Tre anni dopo, il settore si è dato nuove regole, ma poco sembra essere cambiato. Solo un mese fa un bambino di soli dieci anni è stato ucciso perché aveva osato lamentarsi delle condizioni di lavoro. Reportage dalle concerie della capitale.

Ecco il volto di chi rende possibile la nostra moda a basso prezzo [cfr. video]: adolescenti, ma anche adulti, pagati troppo poco, 70 dollari al mese, in condizioni poco confortevoli, spesso pericolose, e senza un sindacato a rappresentarli. Questa è una fabbrica modello, solo per questo ci hanno lasciato filmare, ma a guardare bene, anche qui ci sono minorenni.

“Li assumono perché li pagano meno per fare lavori che gli adulti rifiutano”, spiega la leader sindacale Kalpona Akter. “La tragedia del Rana Plaza ha creato momentum, ma è durato poco. Se andiamo a guardare adesso, siamo tornati indietro. I lavoratori sono licenziati, picchiati, discriminati se appena cercano di organizzarsi”.
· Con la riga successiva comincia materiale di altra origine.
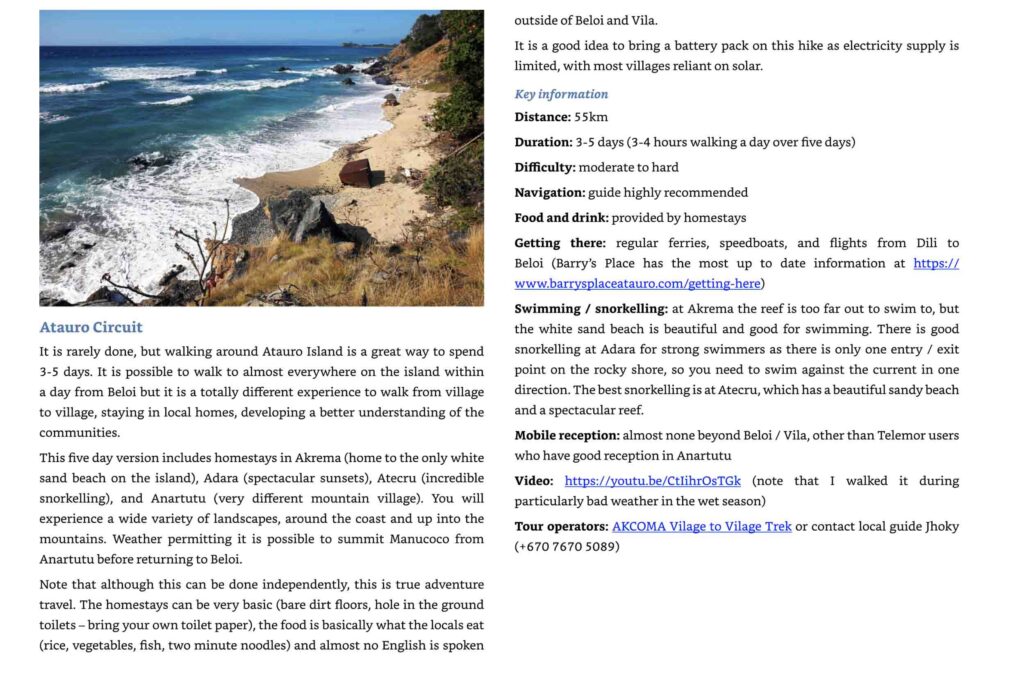 What amazed me was the amount of detail for just about any activity you could think of including transport, eateries, and other activities. It really was much more than I expected. The downside concerned the hikes. The information concerning each hike provided enough overview to allow readers to decide if this was something that would be of interest and there was plenty of choice across the various regions of the country. Some of the hikes had a reasonable amount of information whole others contained less than I personally would have likes. Having said that the hikes that were ‘self guided’ provided enough information to get you there and on this hikes were guiding was recommended there was also enough information to identify who can help you out. I’m just one of these people that likes a lot of detail. Given that this book in its kindle edition is 175 pages long it provides a lot of details about visiting Timor Leste so helps set you up. Just don’t expect to go wandering through the more serious hikes without some help, the country hasn’t set up the trail signage for this sort of hike yet.

Non solo magliette. Il Bangladesh esporta un miliardo di dollari all’anno in pelli. Se dopo la tragedia del Rana Plaza il tessile si è dato una scrollata adottando regole più severe, qui è veramente il far west.

Porte chiuse. Ma fuori, due ragazzini confessano: hanno 12 anni e lavorano nelle concerie. Per 50 dollari al mese. Il lavoro è difficile, dice uno di loro. “Ma è il mio primo lavoro, non posso lamentarmi”.
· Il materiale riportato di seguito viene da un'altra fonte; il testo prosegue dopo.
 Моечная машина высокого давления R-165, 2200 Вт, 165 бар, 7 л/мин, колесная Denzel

Pochi passi, e in un seminterrato troviamo volti non ancora adolescenti. Questo bambino ha 10 anni e incolla borse di pelle, a mani nude.
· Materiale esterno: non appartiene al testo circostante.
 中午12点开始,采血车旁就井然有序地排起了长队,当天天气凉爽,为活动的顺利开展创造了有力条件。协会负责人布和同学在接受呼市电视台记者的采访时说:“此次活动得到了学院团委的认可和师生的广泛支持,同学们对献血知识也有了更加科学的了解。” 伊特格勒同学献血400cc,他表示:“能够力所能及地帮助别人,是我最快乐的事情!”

“La maggior parte dei pazienti”, ci spiega Shirajum Munira Shaki di Medici senza frontiere, “riporta dermatiti da contatto e reazioni allergiche alle sostanze chimiche cui sono esposti nelle concerie. Ma anche ferite da taglio a causa dei macchinari. Sono pericolosi e gli indumenti di protezione che dovrebbero utilizzare, di fatto sono inesistenti”.

Anche se le maggiori marche hanno sottoscritto l’accordo per proteggere i lavoratori, i controlli non arrivano fino ai fornitori di materie prime o semi lavorate.

“Per favore comperate i vestiti made in Bangladesh. Ma quando li comperate”, raccomanda Kalpona Akter, “domandate alle marche, ‘voglio sapere di più sul lavoratore che ha fabbricato questi indumenti, per me'”.

Secondo la sindacalista, boicottare sposterebbe semplicemente gli abusi altrove, deprivando il Bangladesh di risorse necessarie.

È più utile esporre queste situazioni, e cercare di rendere i consumatori più consapevoli.